Testo dell'articoloIn aggiornamento

Informazione giuridica di carattere generale. Il presente contenuto costituisce informazione giuridica di carattere generale e non sostituisce in alcun modo il parere di un avvocato iscritto all’Albo. La norma riportata è tratta da fonti ufficiali (Normattiva, Gazzetta Ufficiale) e il commento ha finalità divulgativa. Per la valutazione del caso specifico è necessario consultare un professionista abilitato.

Con l’ordinanza n. 118/2024 la Corte costituzionale ha dichiarato estinto il processo, definendo cosi’ il giudizio senza una pronuncia sul merito della questione.

Di cosa si tratta

Non tutti i giudizi davanti alla Corte costituzionale si concludono con una decisione sul merito della legge contestata. Esistono cause di chiusura anticipata, come l’estinzione del processo, che si verifica tipicamente quando viene meno l’interesse a proseguire: ad esempio perche’ la parte ricorrente rinuncia all’impugnazione e la controparte accetta, oppure perche’ nel frattempo la norma contestata e’ stata modificata o abrogata componendo la controversia. In questi casi la Corte non valuta se la norma sia o meno costituzionale, ma si limita a prendere atto che il giudizio non puo’ proseguire e lo dichiara estinto. E’ un esito procedurale, frequente soprattutto nei giudizi in via principale tra Stato e Regioni, in cui spesso le parti raggiungono un’intesa o il legislatore interviene a modificare la disposizione, facendo cadere la ragione del contendere. La pronuncia, pur non entrando nel merito, chiude formalmente il procedimento.

La questione di legittimita’ costituzionale

Il giudizio era stato promosso con il ricorso indicato in epigrafe.

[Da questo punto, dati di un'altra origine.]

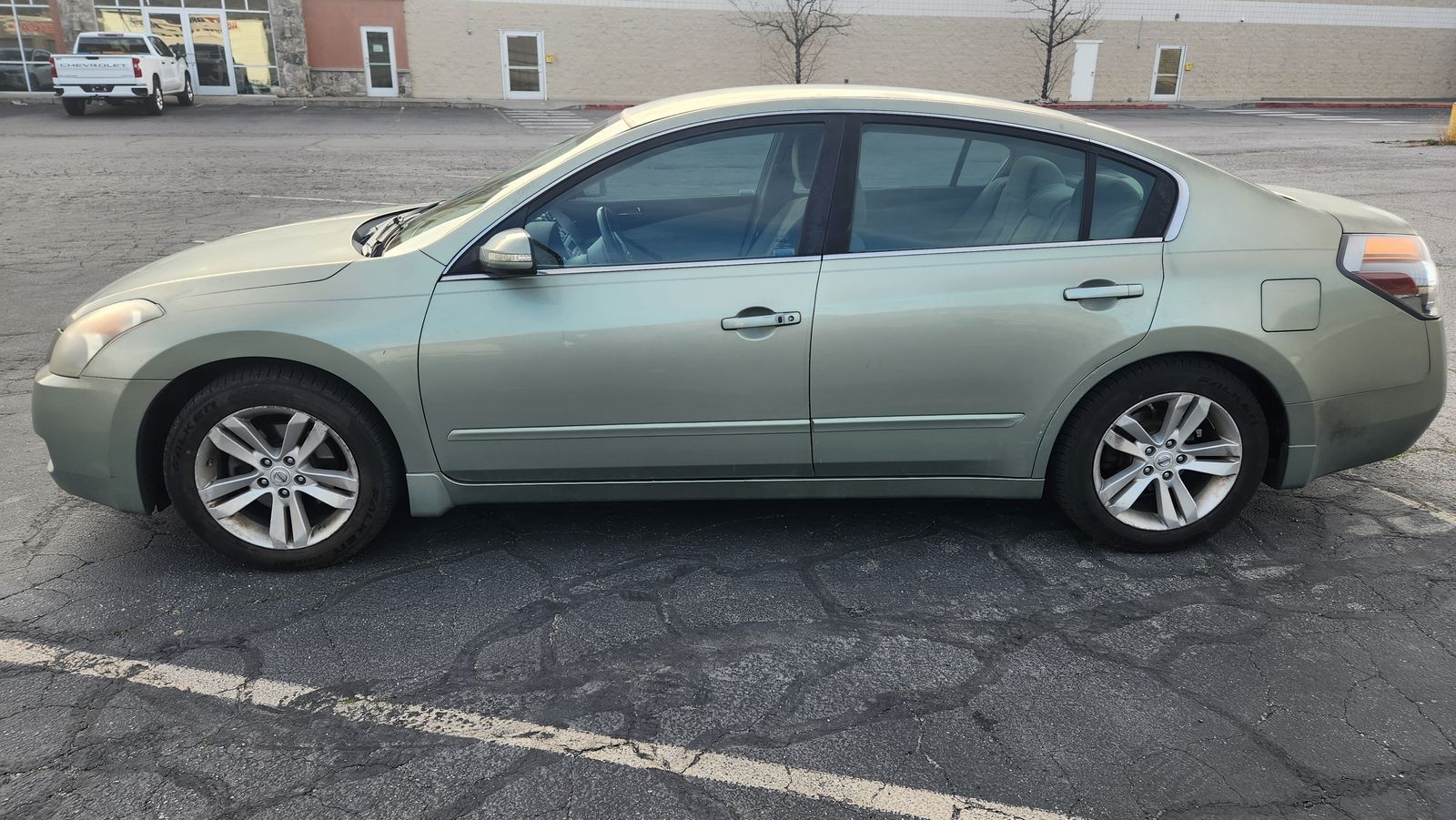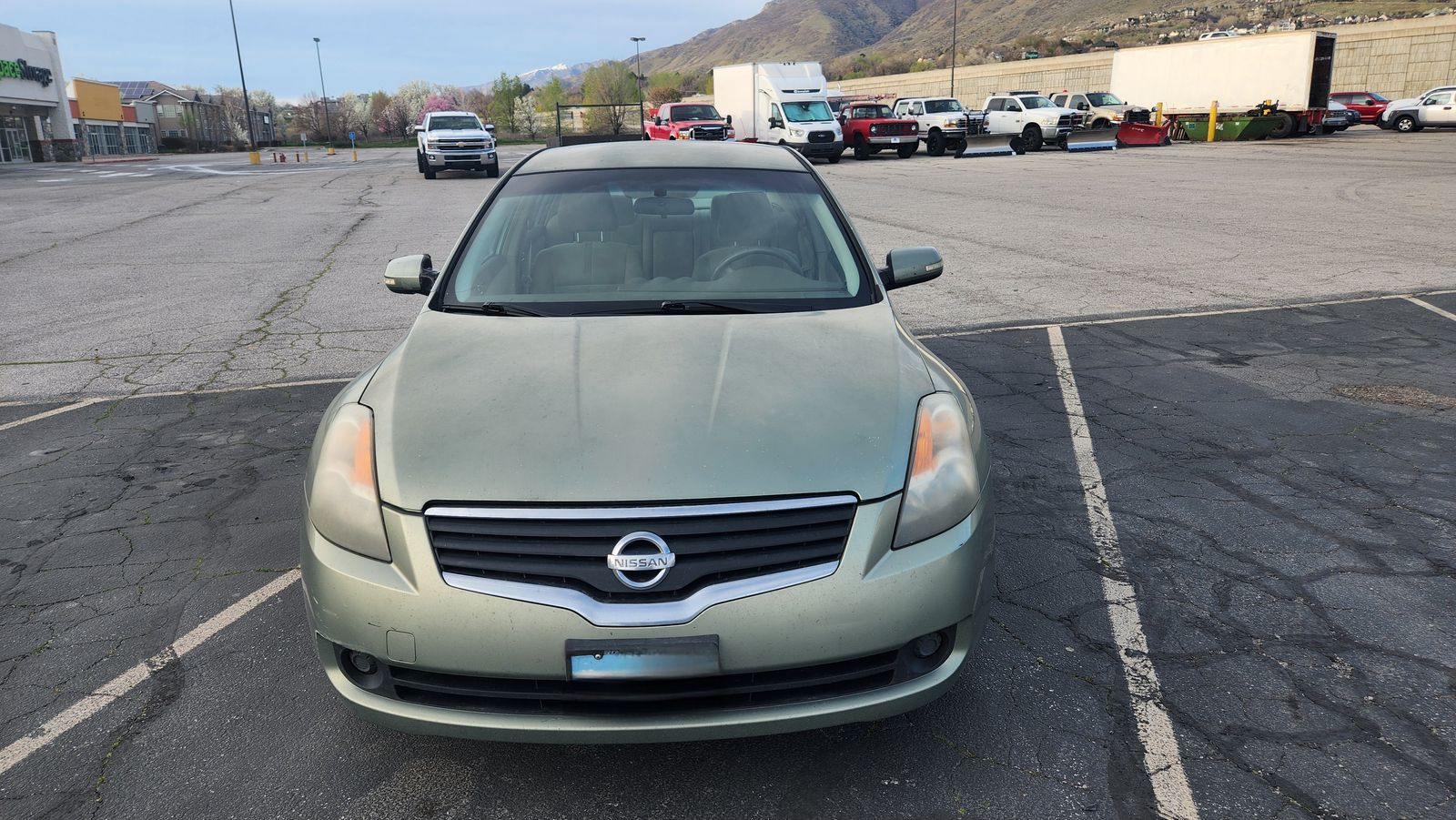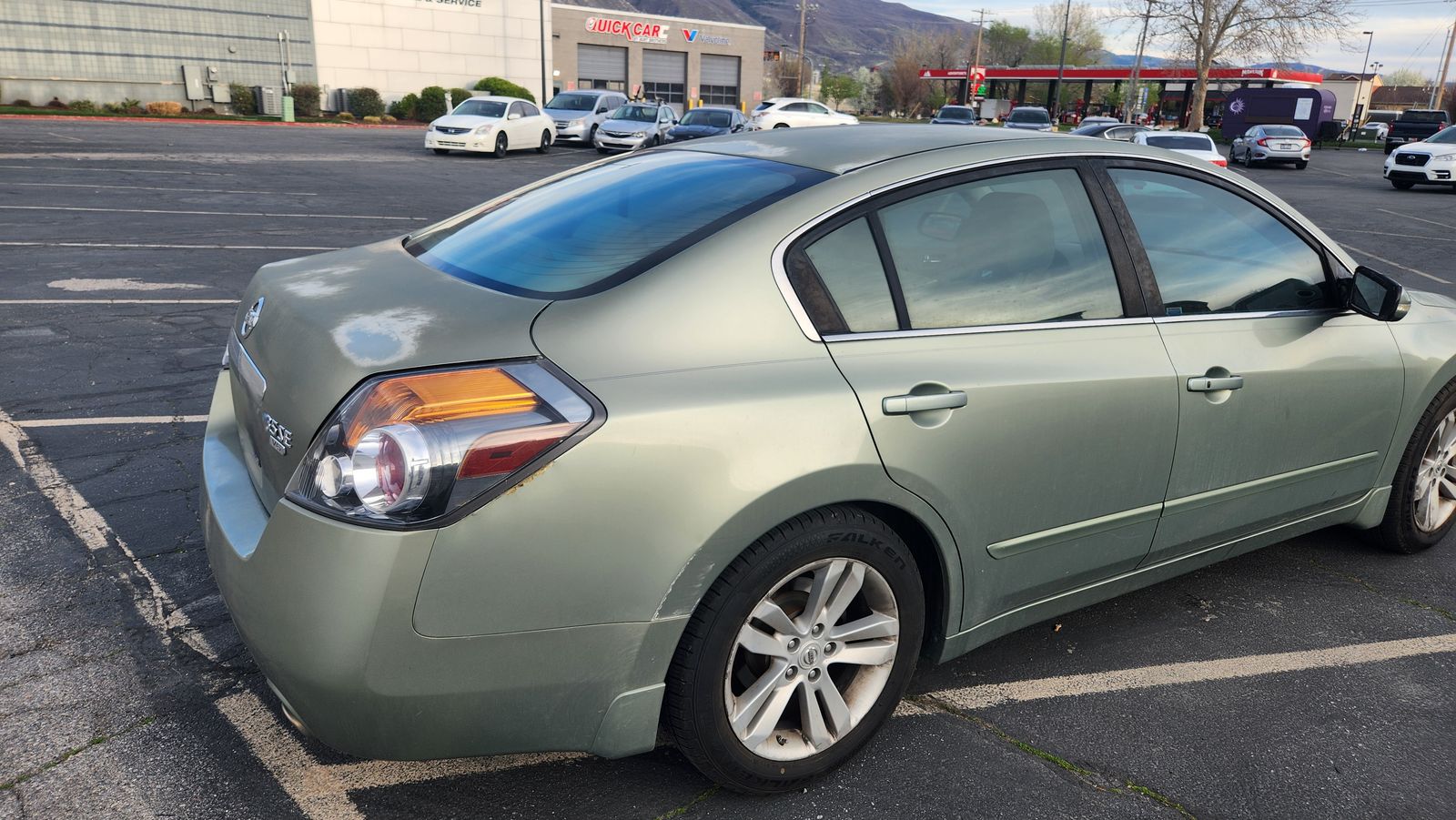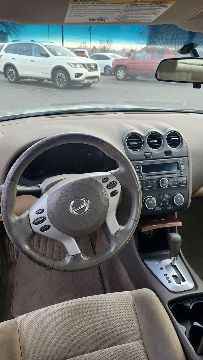The exterior has sun spots and the passenger mirror is currently taped on. The AC and heater need repaired.

Nel corso del procedimento sono venuti meno i presupposti per la prosecuzione, conducendo la Corte a definire la causa con una pronuncia di rito anziche’ di merito.

La decisione della Corte

La Corte ha dichiarato estinto il processo. Non vi e’ stata quindi alcuna valutazione sulla legittimita’ costituzionale della norma: il giudizio si e’ chiuso per il venir meno dell’interesse alla decisione, con una pronuncia esclusivamente processuale.

Il principio

Quando viene meno l’interesse a proseguire il giudizio costituzionale, ad esempio per rinuncia accettata o per modifica della norma, la Corte dichiara estinto il processo senza pronunciarsi sul merito.

Domande e risposte

Cosa vuol dire processo estinto?

Significa che il giudizio si chiude senza decisione sul merito, perche’ sono venute meno le condizioni per proseguirlo.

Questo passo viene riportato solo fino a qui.